Set up classification
In document capture, classification is the assignment of a document to a category or a class, also known as a document type.
This category is predefined based on your project class hierarchy. Without classification, successful extraction or archiving is impossible.
If the document type that is part of an extraction group is renamed, deleted, or moved from one parent to another elsewhere in Advanced Studio, some updates are required to the project in the Transformation Designer. This ensures that any changes to document types elsewhere in Advanced Studio are propagated to the classification and extraction settings in the Transformation Designer.
A document can be automatically classified based on physical layout, content, or generative AI, and the classification order of processing determines the final classification result. You can use a combination of pre-production trained documents and classification instructions, or you can also use classification online learning, that collects training documents for use in classification while a project is in production. The latter ensures that any new documents or classes are absorbed by the project easily, without a lot of configuration. Generative AI classification does not collect training documents as the LLM classifies a document based on the description provided for a class.
To aid in layout and content classification, first perform clustering on a set of documents, and then add the pre-classified documents to your classification training document set so classification can learn by example.
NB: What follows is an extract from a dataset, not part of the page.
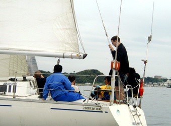 Endlich war es soweit. Wir gingen an Bord und verliessen den Hafen. Nach einem kurzen Manoever standen Gross und Genua, und Totsuka-san uebernahm das Ruder. Nach ein paar Wenden zum Warmwerden setzten wir den Spi. Nach einiger Zeit bargen wir diesen, und nahmen Kurs auf Chiba.

You assign sample documents for each class. When the project is trained, the sample documents are analyzed and important features are extracted and used to define the class. Whether your documents are used for layout or content classification depends on how each class is configured. You do not need training documents during runtime. The project contains all of the extracted information required for classification.
Before testing your classification settings for a class or project, train your project. After training your project, the documents in your classification training document set are used as a comparison for the documents you are processing. For a document to be successfully classified, the document needs a confidence greater than or equal to the configured classification thresholds.
After changing the properties of your classifiers, or after adding or deleting documents from your training set, you must retrain your project.
Once classification is configured, run some preliminary classification tests. Once you are satisfied with the preliminary classification tests, you can run more detailed classification benchmarks.
If you define fields at the project level, the extraction results are used to classify a document. For example, you can classify a document by extracting a bar code.